Generate a set of all genetic variables.

Perform feature selection on the training data in order to identify an informative subset of variables (f1, f2…fn) for phenotype prediction. This can be performed using either pairwise correlation coefficients between variables and phenotype or by using random forest variable importance scores to rank the variables. Then, we can use the top 10–30% of the variables in a prediction model.

Train k independent machine learning approaches on the training data using the selected features and generate model predictions P1, P2…Pk.

Use the predictions from step 3, P1, P2…Pk and f1, f2…fn as inputs and train a “meta-level” learning algorithm using random forests. Note that this is a key step in the algorithm and generates a final prediction by blending many individual predictions in a possibly non-linear manner. The main goal is to learn the best model to combine individual models from the training data so that we can predict the phenotype as well as possible. The non-linear combination of models along with the meta-features gives us a more general predictive framework, which can accommodate different model structures and also allows the model to vary across the multi-dimensional parameter space.

Generate predictions Pblend1 in test data using the models trained in steps 3 and then 4. Repeat for all cross-validation folds to obtain phenotype predictions for all samples.

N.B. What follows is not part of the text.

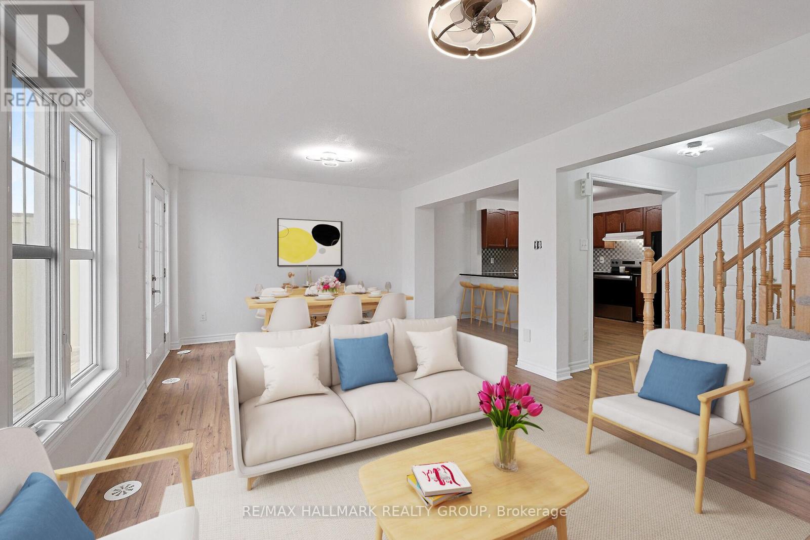 Welcome to 2325 Blue Aster, beautifully updated 2 bedroom townhome in sought after Half Moon Bay! This bright and spacious move in ready FREEHOLD townhome blends with comfort and convenience. The main floor has convenient access to the attached garage and closet. On the 2nd floor you step inside to a sun filled living/dining room adjacent to a large kitchen with granite counter and abundance of cabinetry. The living/dining has direct access to the spacious deck ideal for entertaining or enjoying some fresh air. The third floor has 2 spacious bedrooms with oversized closets that share access to a full bath. Great location close to Schools, Parks, Minto Rec Centre and Shopping. NEW FLOORING, NEW BERBER CARPETS, NEW STOVE, NEW FRIDGE, WASHER AND DRYER (2024), FRESHLY PAINTED WALLS, ALL NEW LIGHT FIXTURES AND FANS, DUCTS CLEANED JULY 24, 2025, FURNACE (2019). Don't miss your chance to own this move in ready beautiful home. Standout choice for first-time buyers, downsizers, or investors. Virtual staging in living, dining and bedroom. (id:31145)
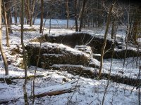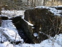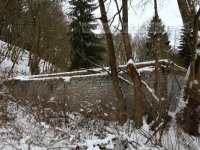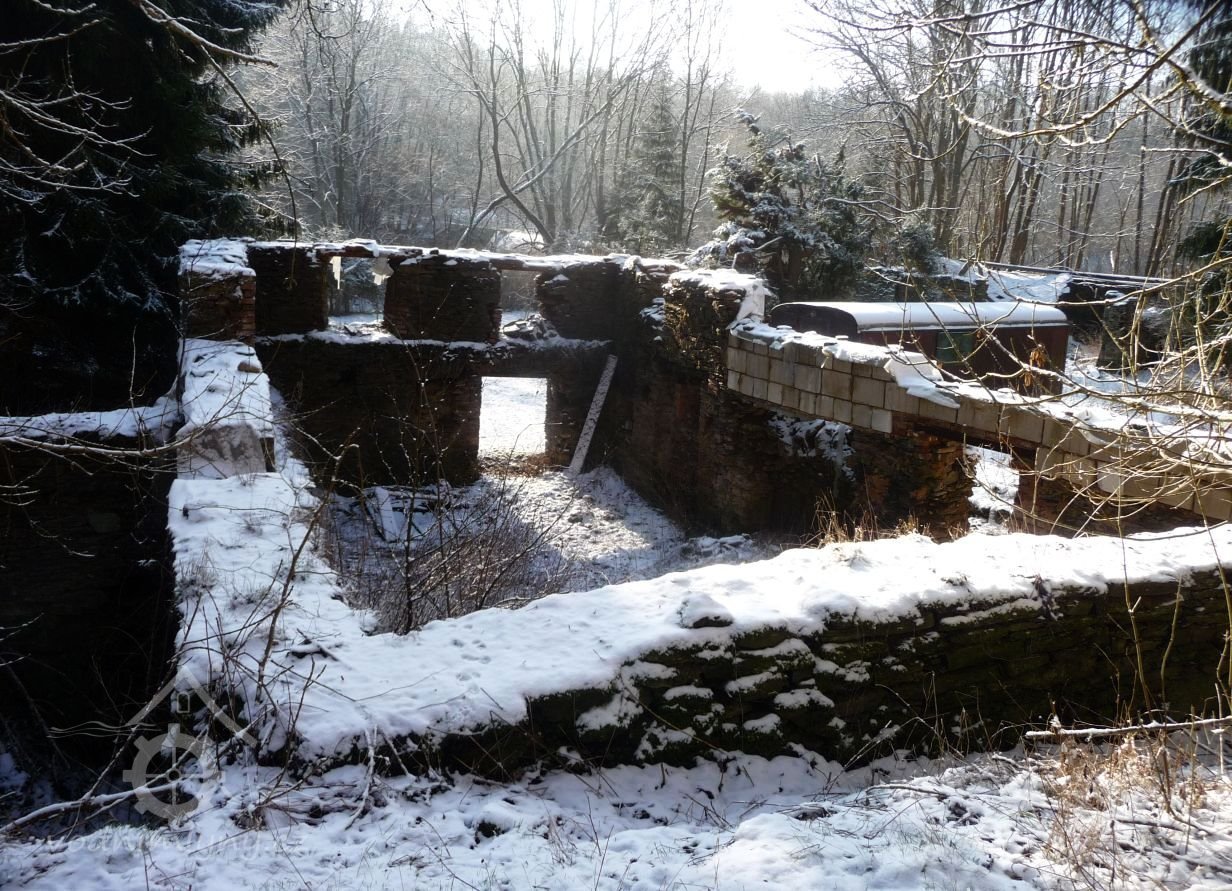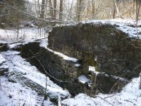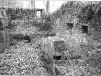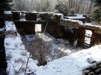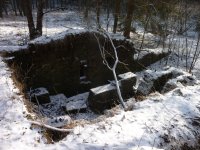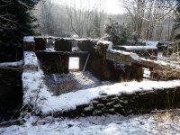 pila z objektu nejlépe zachována, budova z lomového kamene, uvnitř novější betonové fundamenty pro uchycení katru

Ensemble learning algorithm for phenotype prediction

Ensemble learning variation 1

In S1 Appendix of supporting information, we describe other variations and generalizations of this algorithm. For all calculations involving power and Type-1 error rates for our gene-based test, we use ensemble learning variation 1 with the following components: multiple linear regression or logistic regression (for quantitative or case-control traits respectively), support vector machine with linear kernel and random forests with mtry = 1 and ntree = 1000. mtry is the number of SNPs to consider when creating a tree node in a random forest and ntree is the number of trees used in the model. Feature selection is based on the pairwise Pearson’s correlation coefficient between variables and phenotype and we use the top 30% of the variables for constructing prediction models. The “meta-level” learning algorithm is also a random forests algorithm with mtry = 1 and ntree = 1000 and non-linearly combines features as well as initial phenotype predictions.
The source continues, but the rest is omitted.